Toni Morrison, Beloved author and Nobel Prize winner, dies at 88

Toni Morrison, Beloved author and Nobel Prize winner, dies at 88

Nobel Prize-winning author Toni Morrison has died at the age of 88, her publisher Alfred A. Knopf confirmed Tuesday morning. Morrison, the writer of acclaimed and influential novels like Beloved and Song of Solomon, was a giant of American literature.

Born Chloe Ardella Wofford in 1931, Morrison’s first novel was The Bluest Eye, about a young African-American girl growing up in the Depression who longs for the blue eyes she sees in white-skinned dolls. The legacy of slavery and the reality of racial oppression were major themes in Morrison’s work. Her most famous novel, Beloved, was published in 1987 and centers on a woman who killed her baby daughter rather than let her become a slave. It won the Pulitzer Prize for Fiction and inspired a 1998 movie adaptation starring Oprah Winfrey and Danny Glover.
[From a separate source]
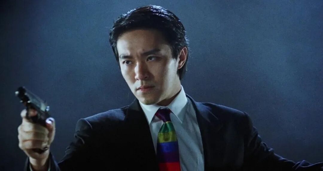 换上这个造型,凌凌漆拍了一个持枪摆POSE的旋转镜头,坚毅的眼神和完美的侧脸,正是周星驰颜值的巅峰。

Daniel Boczarski/FilmMagic
Daniel Boczarski/FilmMagic

In 2012, President Barack Obama awarded Morrison the Presidential Medal of Freedom. The former president spoke glowingly of her work, telling The New York Times in 2017 that “Song of Solomon is a book I think of when I imagine people going through hardship. That it’s not just pain, but there’s joy and glory and mystery.”

Leigh Vogel/WireImage
Leigh Vogel/WireImage

In 1993, Morrison won the Nobel Prize for Literature, becoming the first black woman of any nationality to do so. In her famous award speech, she related a parable from “the lore of several cultures” in which young people make a visit to an old, blind, wise woman. They tell her they hold a bird in their hands, and ask her if the bird is alive or dead. Being blind the woman can’t see for sure if the bird is alive or dead, but she tells the young people that it’s their responsibility either way. Morrison used the bird to stand in for language, and our collective responsibility to shape language into something living and inspiring rather than limited and dead.

“We die. That may be the meaning of life,” Morrison said. “But we do language. That may be the measure of our lives.”

Morrison’s 11th and final novel, God Help the Child, was published in 2015.